> Given data:
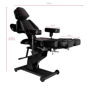 very advanced, adjustable in many planes (height and backrest adjustable with a foot remote), with unlimited possibilities of settings ensuring comfort for both the artist and the tattooed person.
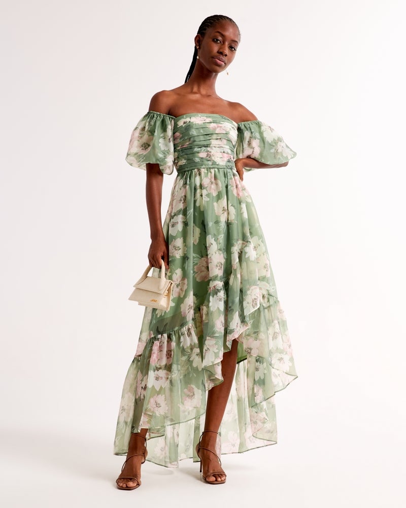 After seeing several of the brand’s dresses go viral in the past, I set out to try some new and bestselling styles from the Best Dressed Guest selection for myself — and discovered the store to be filled with dresses for every type of occasion, from formal to destination, and featuring spring trends like bubble hems and drop-waist styles. Read on to discover some of my favourite Abercrombie & Fitch spring and summer wedding guest-approved dresses. (For reference, I’m 5’3” and am wearing a standard medium size in each dress pictured).
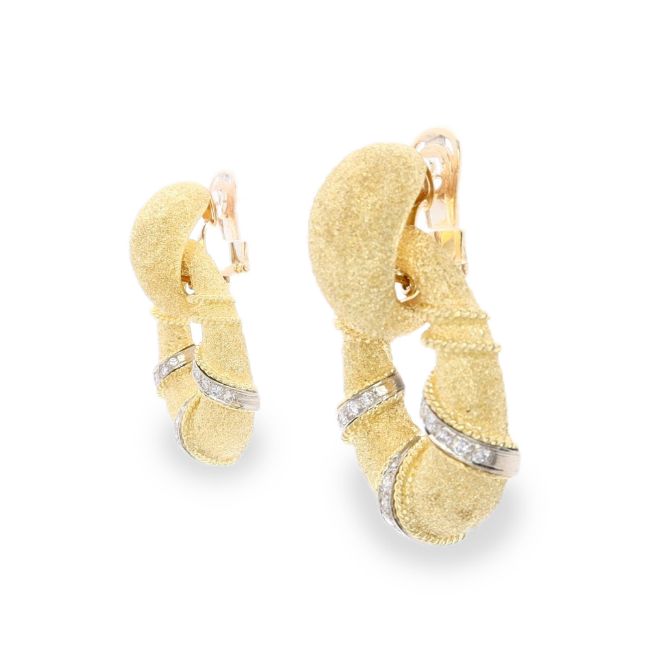6 (3 per earring) stations of 36 (18 per earring) round brilliant cut diamonds (0.75ct total weight)
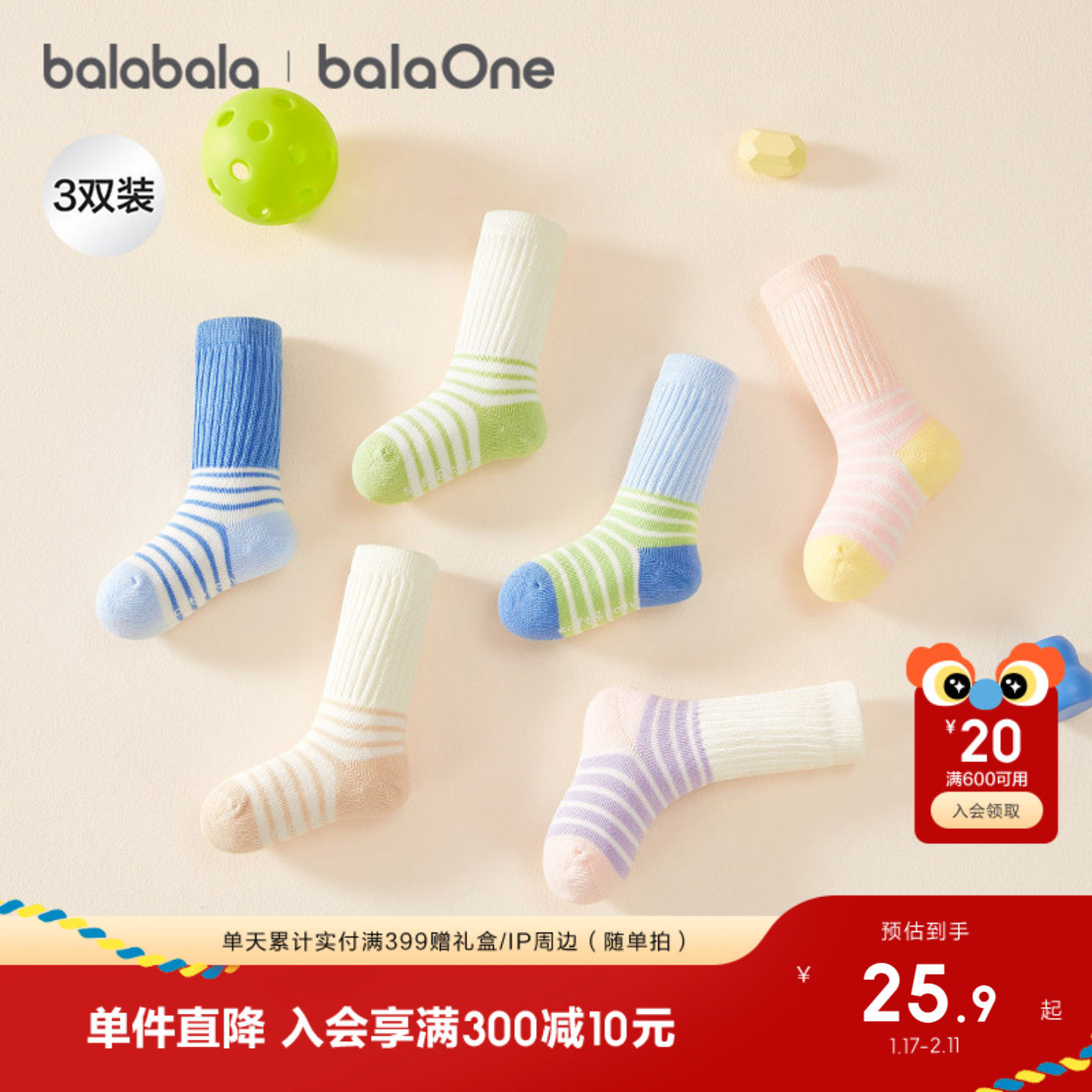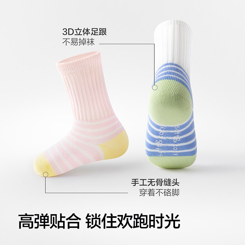 【balaOne】巴拉巴拉儿童袜子春秋男女童棉袜条纹中筒袜萌三双装
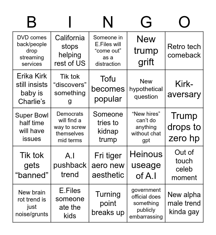 This bingo card has a free space and 24 words: A.I pushback trend, E.Files someone ate the kids, Tofu becomes popular, New brain rot trend is just noise/grunts, Retro tech comeback, DVD comes back/people drop streaming services, Erika Kirk still insists baby is Charlie’s, California stops helping rest of US, “New hires” can’t do anything without chat gpt, Fri tiger aero new aesthetic, New hypothetical question, Super Bowl half time will have issues, Heinous useage of A.I, Out of touch celeb moment, Tik tok “discovers” something g, government official does something publicly embarrassing, Trump drops to zero hp, Someone in E.Files will “come out” as a distraction, Kirk-aversary, Democrats will find a way to screw themselves mid terms, New alpha male trend kinda gay, Tik tok gets “banned”, New trump grift and Turning point breaks up.
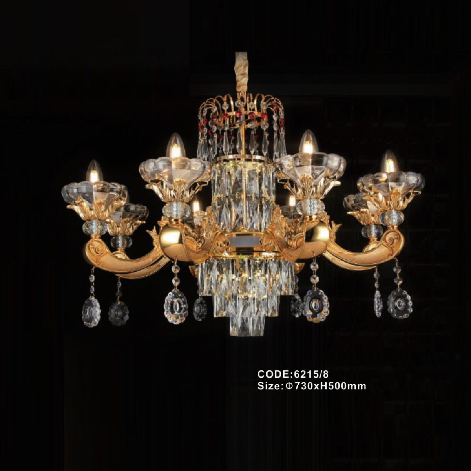 CODE: 6215/8: Đèn chùm Phale nến 6 tay, chao thủy tinh - KT: Ø730mm x H500mm - Bóng đèn E14 x 8 bóng + Đèn LED

> What is being asked: Retype each line above exactly and leave out any picture.

> Answer:
 very advanced, adjustable in many planes (height and backrest adjustable with a foot remote), with unlimited possibilities of settings ensuring comfort for both the artist and the tattooed person.
 After seeing several of the brand’s dresses go viral in the past, I set out to try some new and bestselling styles from the Best Dressed Guest selection for myself — and discovered the store to be filled with dresses for every type of occasion, from formal to destination, and featuring spring trends like bubble hems and drop-waist styles. Read on to discover some of my favourite Abercrombie & Fitch spring and summer wedding guest-approved dresses. (For reference, I’m 5’3” and am wearing a standard medium size in each dress pictured).
6 (3 per earring) stations of 36 (18 per earring) round brilliant cut diamonds (0.75ct total weight)
 【balaOne】巴拉巴拉儿童袜子春秋男女童棉袜条纹中筒袜萌三双装
 This bingo card has a free space and 24 words: A.I pushback trend, E.Files someone ate the kids, Tofu becomes popular, New brain rot trend is just noise/grunts, Retro tech comeback, DVD comes back/people drop streaming services, Erika Kirk still insists baby is Charlie’s, California stops helping rest of US, “New hires” can’t do anything without chat gpt, Fri tiger aero new aesthetic, New hypothetical question, Super Bowl half time will have issues, Heinous useage of A.I, Out of touch celeb moment, Tik tok “discovers” something g, government official does something publicly embarrassing, Trump drops to zero hp, Someone in E.Files will “come out” as a distraction, Kirk-aversary, Democrats will find a way to screw themselves mid terms, New alpha male trend kinda gay, Tik tok gets “banned”, New trump grift and Turning point breaks up.
 CODE: 6215/8: Đèn chùm Phale nến 6 tay, chao thủy tinh - KT: Ø730mm x H500mm - Bóng đèn E14 x 8 bóng + Đèn LED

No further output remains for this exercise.